16 H 58 - Mancebo & Basso Attack Armstrong
Mancebo and Basso have attacked Armstrong's group. Armstrong is now responding and, along with Kloden, has caught the attack.


16 H 57 - Nine Riders In Armstrong's Group
There are nine riders in Lance's group. They are: Armstrong, Kloden, Gonzalez, Pierero Sio, Mayo, Menchov, Mancebo, Basso and Scarponi. They are in pursuit of Sastre who leads by 13".


16 H 56 - 4km To Go...
Armstrong is now setting the pace of his group. Azevedo has dropped out of this group which is still in pursuit of Sastre.


16 H 54 - Guerini With Ullrich
Guerini is the only T-Mobile rider with Ullrich. The 1997 Tour champion is now 40" behind Lance's group.


16 H 54 - Ullrich 15" Behind
Ullrich's group is 15" behind Armstrong's group.


16 H 53 - 5km To Go
Sastre has attacked the lead group with 5km to go.


16 H 53 - The Lead Group
Armstrong, Azevedo, Kloden, Gonzalez, Pierero Sio, Sastre, Mayo, Menchov, Mancebo, Basso and Scarponi are the riders in the lead group.


16 H 52 - Heras With Ullrich
Roberto Heras is with Ullrich's group which is now 20" behind Lance et al.


16 H 51 - The Leading Peloton
Azevedo is leading Lance at the front of the stage. In his group are Kloden, Basso, Gutierrez and about five others. We await the names of the riders in the lead group.


16 H 50 - Lance Lead Jan By 20"
Lance's group is now 20" ahead of Ullrich who is riding with Virenque...


16 H 49 - Lance Goes Forward...
Lance Armstrong is now on the attack. He knows that Ullrich is in trouble and there are two US Postal riders now at the head of the lead group. It's Azevedo and Armstrong. Behind these two is Basso (CSC).


16 H 48 - Rasmussen Caught...
Rasmussen is about to be caught by Lance's group.


16 H 48 - Ullrich In Trouble
Ullrich has been dropped by Lance's group which has just caught Sastre.


16 H 47 - Sastre 7" Behind Rasmussen...
Sastre is now 7" from the stage leader.


16 H 47 - Virenque Dropped
Virenque and Voeckler have now been dropped by the peloton.

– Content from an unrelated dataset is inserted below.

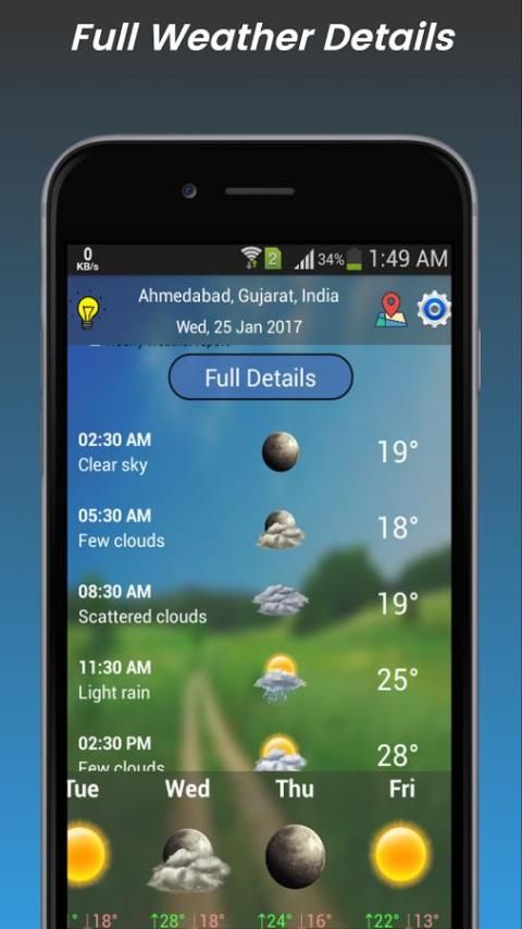 Правда погоды приложение специально вручную, чтобы быть как можно более простым. С одним касанием на экране, дает вам текущие погодные условия, а также 5 прогноз погоды с незначительным потреблением данных.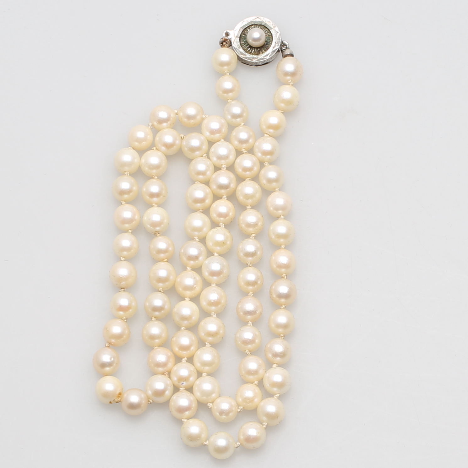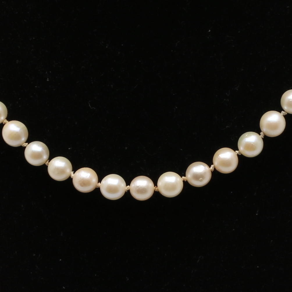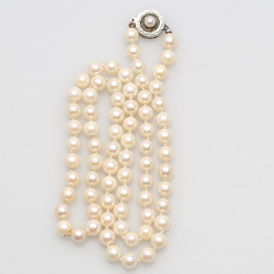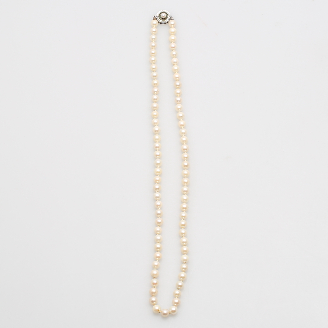 364246. PÄRLCOLLIER, med silverlås.

16 H 46 - Sastre 20" Behind Rasmussen
Sastre is now 20" behind Rasmussen. The attack by Carlos has put about 100m into Armstrong's peloton.


16 H 46 - Hamilton Drops From Lead Group
Hamilton has been dropped by Armmstrong's group which has just been attacked by a CSC rider, Carlos Sastre.


16 H 45 - Hincapie Leading Peloton
Hincapie is in charge of the peloton at the moment. Hamilton is at the back of the pack and has lost touch by about 20 meters.


16 H 45 - Yellow Jersey With Armstrong's Group
Voeckler is still hanging on to Armstrong's group which is still 35" behind the stage leader, Rasmussen.


16 H 44 - Rasmussen Still Leading By 35"
The peloton is still 35" behind Rasmussen with about 8km to climb. The bunch is being led by the US Postal team but Kloden, Simoni, Ullrich are omnipresent at the head of the pack.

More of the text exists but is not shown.